§ **Input data**:
BEGIN

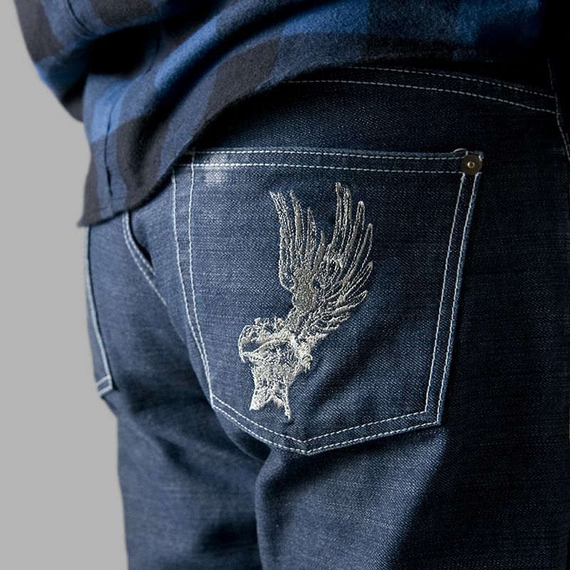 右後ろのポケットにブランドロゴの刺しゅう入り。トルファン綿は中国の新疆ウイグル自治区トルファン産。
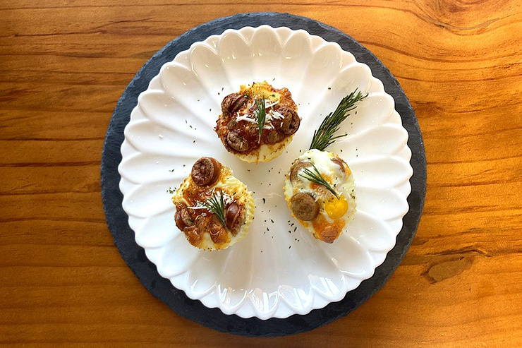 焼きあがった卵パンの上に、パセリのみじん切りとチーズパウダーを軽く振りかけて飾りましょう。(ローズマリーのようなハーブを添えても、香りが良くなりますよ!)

END
BEGIN

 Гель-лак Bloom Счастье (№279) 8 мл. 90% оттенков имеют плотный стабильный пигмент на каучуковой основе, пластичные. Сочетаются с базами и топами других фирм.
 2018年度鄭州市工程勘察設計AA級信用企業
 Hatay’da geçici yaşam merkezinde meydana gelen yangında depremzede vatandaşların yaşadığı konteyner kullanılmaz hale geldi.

END
BEGIN

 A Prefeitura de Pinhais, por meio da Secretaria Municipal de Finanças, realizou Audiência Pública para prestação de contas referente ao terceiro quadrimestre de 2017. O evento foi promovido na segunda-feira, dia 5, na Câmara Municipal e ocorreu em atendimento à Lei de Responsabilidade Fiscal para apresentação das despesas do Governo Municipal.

END

§ **Task**:
Search the listing above for the lines with "Гель-лак Bloom Счастье" and "Hatay’da geçici yaşam", then output those lines and all lines between them exactly.

§ **Result of the exercise**:
 Гель-лак Bloom Счастье (№279) 8 мл. 90% оттенков имеют плотный стабильный пигмент на каучуковой основе, пластичные. Сочетаются с базами и топами других фирм.
 2018年度鄭州市工程勘察設計AA級信用企業
 Hatay’da geçici yaşam merkezinde meydana gelen yangında depremzede vatandaşların yaşadığı konteyner kullanılmaz hale geldi.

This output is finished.